WHAT YOU SHOULD DO » Only the lines of the listing below that run from the line with "本日の南関東方面の雷。10秒" through the line with "セブンイレブンの今週の新商品「炙りサーモンハラス重」を食べてみました。" are to be set down, word for word. Pictures stay out.

DATA RECORDS »
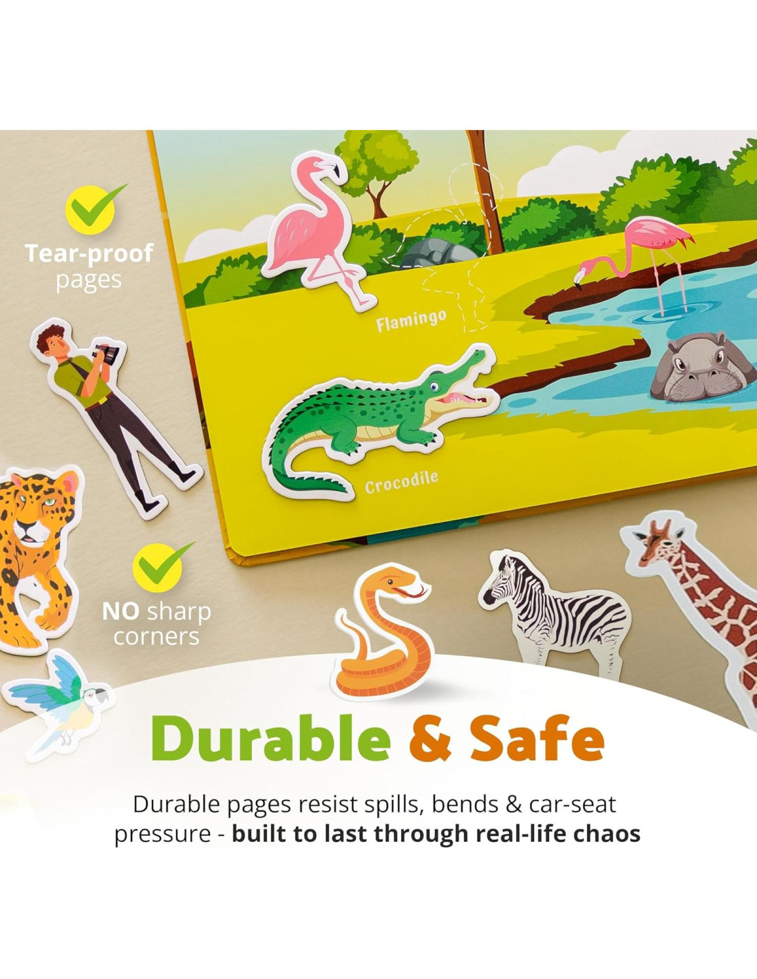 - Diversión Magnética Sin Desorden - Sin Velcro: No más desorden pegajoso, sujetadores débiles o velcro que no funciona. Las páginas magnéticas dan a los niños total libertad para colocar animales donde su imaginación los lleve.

==

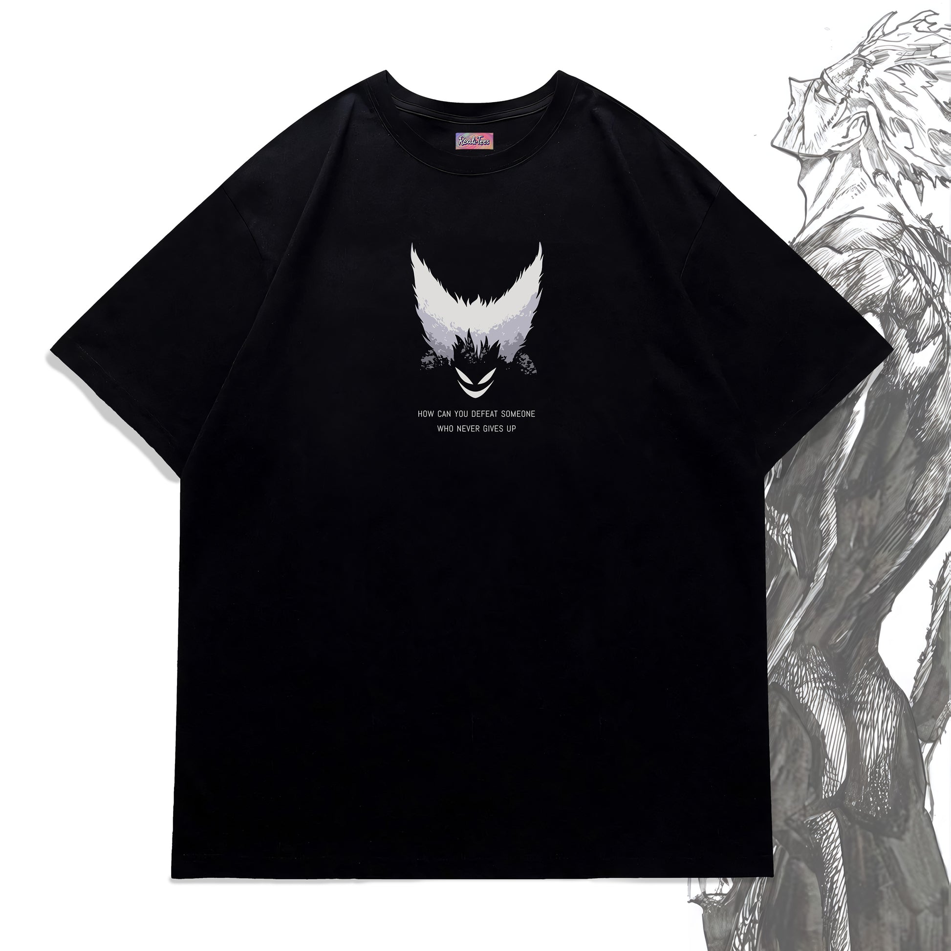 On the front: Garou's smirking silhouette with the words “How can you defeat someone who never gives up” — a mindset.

* * *

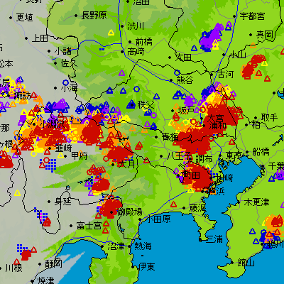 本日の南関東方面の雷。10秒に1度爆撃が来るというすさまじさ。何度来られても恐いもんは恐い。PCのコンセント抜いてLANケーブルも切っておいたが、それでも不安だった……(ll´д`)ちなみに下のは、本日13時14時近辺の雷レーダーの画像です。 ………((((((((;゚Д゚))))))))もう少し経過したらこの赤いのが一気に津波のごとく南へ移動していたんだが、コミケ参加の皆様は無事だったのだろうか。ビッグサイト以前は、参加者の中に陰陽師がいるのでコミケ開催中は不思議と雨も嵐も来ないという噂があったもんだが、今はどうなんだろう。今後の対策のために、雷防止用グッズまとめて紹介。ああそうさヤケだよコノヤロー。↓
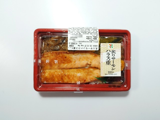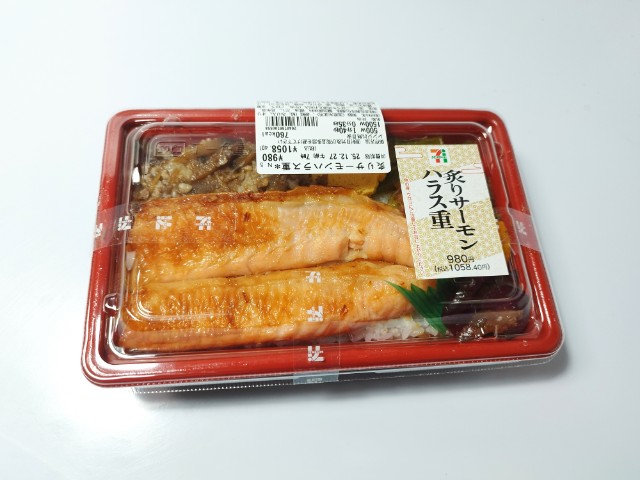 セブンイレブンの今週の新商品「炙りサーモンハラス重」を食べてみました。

TASK SOLUTION »
 本日の南関東方面の雷。10秒に1度爆撃が来るというすさまじさ。何度来られても恐いもんは恐い。PCのコンセント抜いてLANケーブルも切っておいたが、それでも不安だった……(ll´д`)ちなみに下のは、本日13時14時近辺の雷レーダーの画像です。 ………((((((((;゚Д゚))))))))もう少し経過したらこの赤いのが一気に津波のごとく南へ移動していたんだが、コミケ参加の皆様は無事だったのだろうか。ビッグサイト以前は、参加者の中に陰陽師がいるのでコミケ開催中は不思議と雨も嵐も来ないという噂があったもんだが、今はどうなんだろう。今後の対策のために、雷防止用グッズまとめて紹介。ああそうさヤケだよコノヤロー。↓
 セブンイレブンの今週の新商品「炙りサーモンハラス重」を食べてみました。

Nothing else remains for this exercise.